(Stored dataset items)
========================================

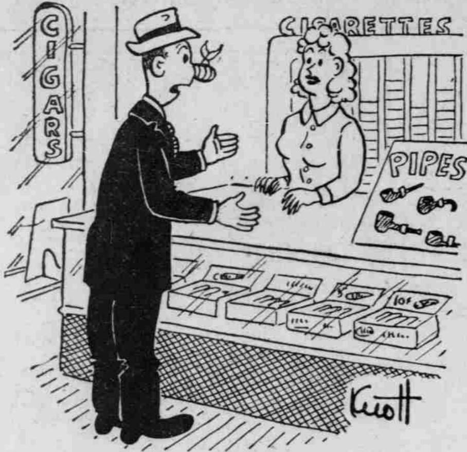
"Do you handle flameless lighters?"
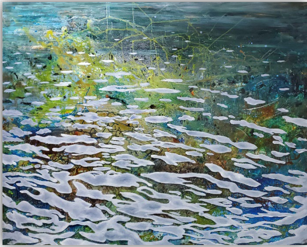
Coastal Surface: Communities. 48x60 inches. Acrylic and Oil on Canvas.

SYNERGY PAINTINGS: These two paintings were inspired by Noah Paul Germolus' ongoing ocean chemistry research on two forces that compete for essential molecules in the upper ocean: the microbes that produce and consume these nutrients, and the ambivalent mechanisms of chemistry that alter or destroy them. Each is informed by high-resolution chemical measurements from a specific collection zone, as well as knowledge about the contemporaneous physical and microbial characteristics.
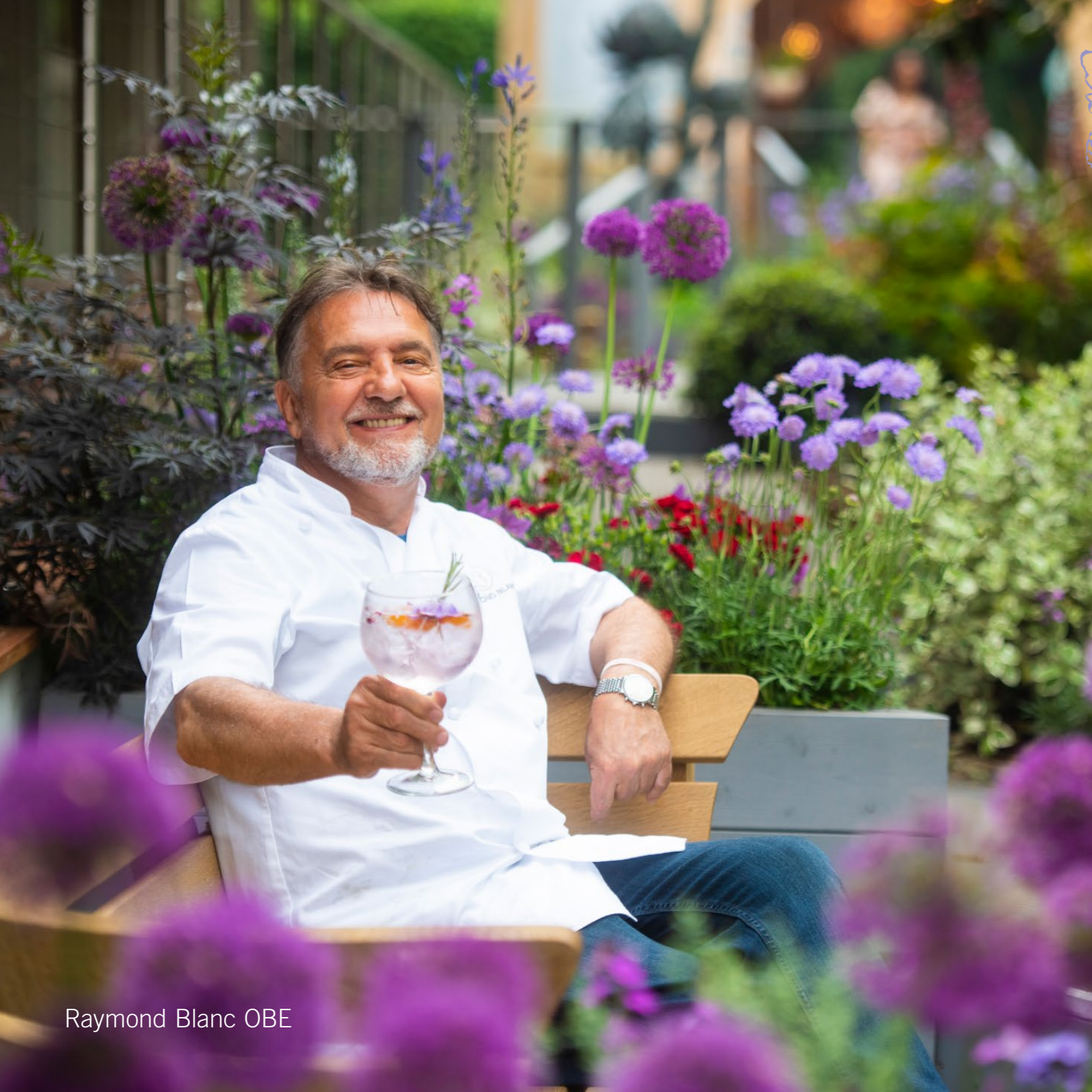
Raymond Blanc OBE
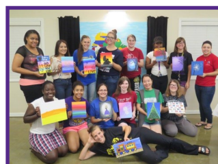
Ladies Paint Night!
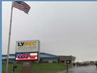
Love Your Rural Electric Company because we love you!
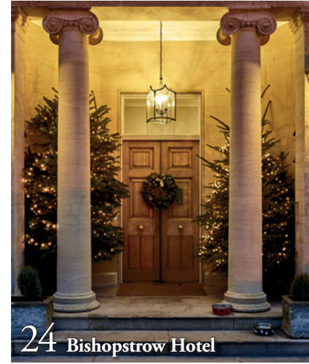
24 Bishopstrow Hotel
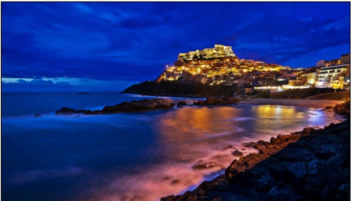
Castelsardo at dusk

There are some beautiful churches in town, a highlight being the Santa Maria delle Grazie, and lots of little walkways and alleys to explore.
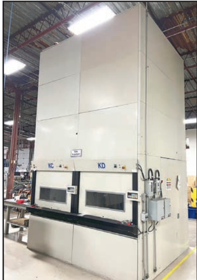
KARDEX VERTICAL STORAGE RETRIEVAL SYSTEM

BLUFF 16SYS8436L PORTABLE DOCK RAMP, s/n 206251, 16,000 Lb Capacity

========================================

#### Problem details
Your answer should be the lines from the first record down to the line containing "Coastal Surface: Communities.", restated exactly, with no pictures.

#### Answer area
"Do you handle flameless lighters?"
Coastal Surface: Communities. 48x60 inches. Acrylic and Oil on Canvas.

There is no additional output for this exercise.